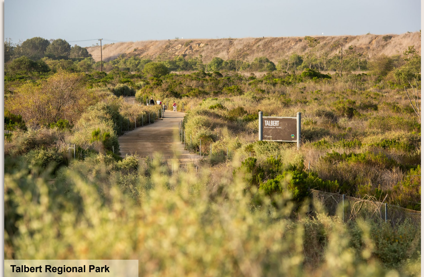
Talbert Regional Park
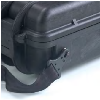
OPTIONAL SHOULDER STRAP (universal) (art. SHOULDERKIT.U)
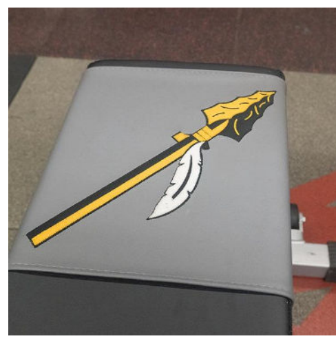
Choose Upholstery Color
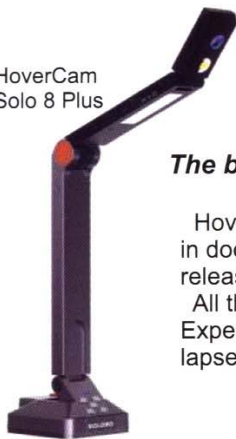
HoverCam Solo 8 Plus
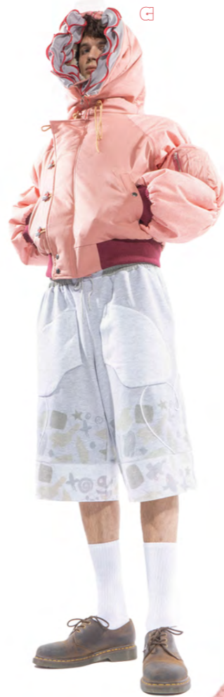
G.H from Look 5- N2B jacket & Trainini ng shorts
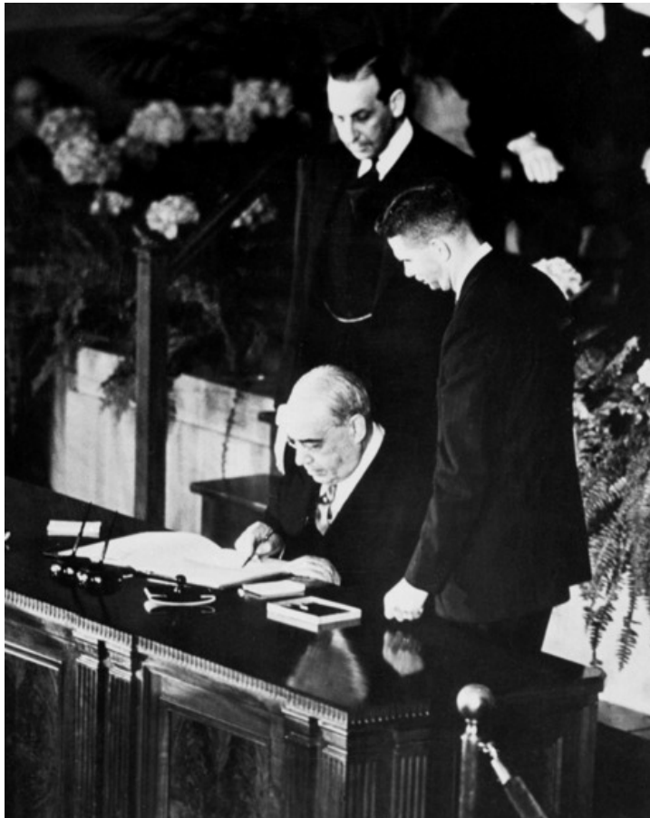
José Caeiro da Matta, Portuguese Minister of Foreign Affairs, signs the North Atlantic Treaty, April 4, 1949

This chapter looks at the formal establishment of Portugal and the United States as NATO allies to set the context for the diplomatic rift in 1962. In order to understand the
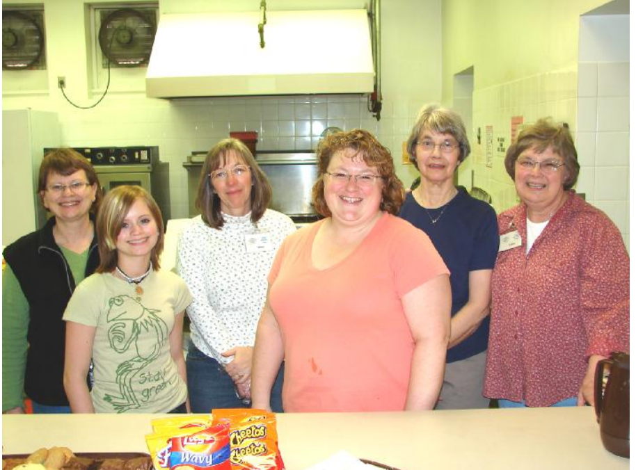
This was just one shift of the hardworking concession crew at the auction.
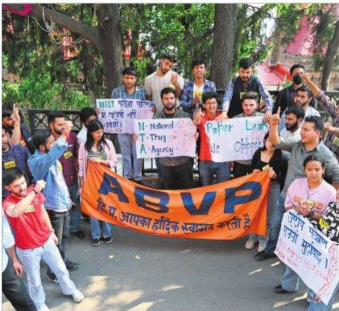
ABVP and (right) SFI activists stage protests against the alleged NEET-UG fraud outside the office of the Deputy Commissioner in Shimla on Wednesday.
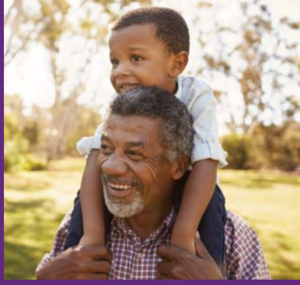
U.S. POINTER is a two-year study that will test whether changing to one of two different healthy lifestyle programs can protect memory and thinking.

For more information, contact us at: pointerstudy@wakehealth.edu
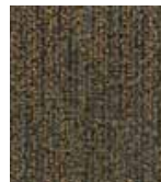
311 SHENANDOAH VALLEY
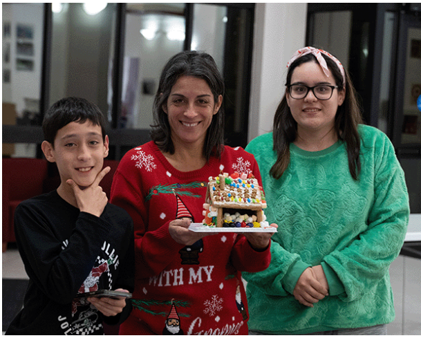
2022 Gingerbread Land Winners
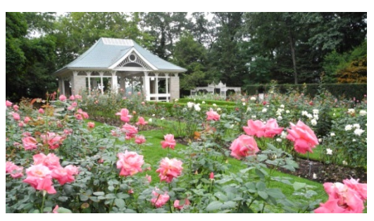
Fellows Riverside Gardens

End your day at <u>Mastropietro Winery</u>. Enjoy wine tastings in a beautiful setting. Group-friendly dining for your group can also be arranged.
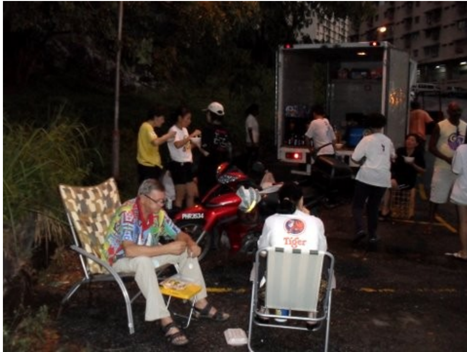
Time for makan!
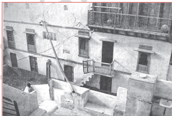
Rooftop harvesting was common across the towns and villages of the Thar. Rainwater that falls on the sloping roofs of houses is taken through a pipe into an underground tanka (circular holes in the ground), built in the main house or in the courtyard. The picture above shows water being taken from a neighbour's roof through a long pipe. Here the neighbour's rooftop has been used for collection of rainwater. The picture shows a hole through which rainwater flows down into an underground tanka .

Fortunately, in many parts of rural and urban India, rooftop rainwater harvesting is being successfully adapted to store and conserve water. In Gendathur, a remote backward village in Mysuru, Karnataka, villagers have installed, in their household's rooftop, rainwater harvesting system to meet their water needs. Nearly 200 households have installed this system and the village has earned the rare distinction of being rich in rainwater. See Fig. 3.6 for a better understanding of the rooftop rainwater harvesting system which is adapted here. Gendathur receives an annual precipitation of 1,000 mm, and with 80 per cent of collection efficiency and of about 10 fillings, every house can collect and use about 50,000 litres of water annually. From the 200 houses, the net amount of rainwater harvested annually amounts to 1,00,000 litres.
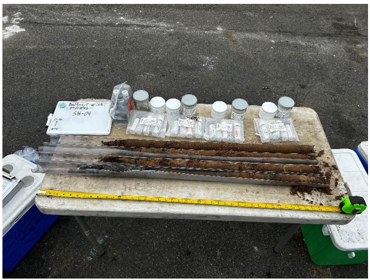
Photo 1: View of soil from SB-04 from 0-15 feet below grade surface, facing east.
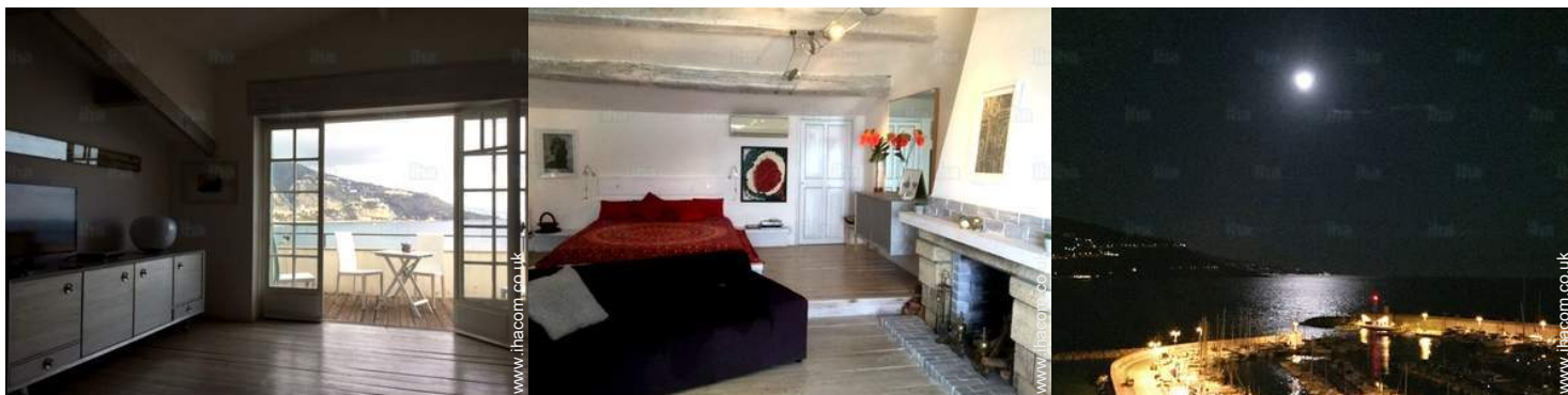
view from the roof terrace

_ _ _

**EXERCISE INSTRUCTIONS:** Taking the material above, give again exactly the lines from the one holding "2022 Gingerbread Land Winners" through the one holding "Time for makan!", with both ends and without pictures.

**WRITTEN ANSWER:**
2022 Gingerbread Land Winners
Fellows Riverside Gardens

End your day at <u>Mastropietro Winery</u>. Enjoy wine tastings in a beautiful setting. Group-friendly dining for your group can also be arranged.
Time for makan!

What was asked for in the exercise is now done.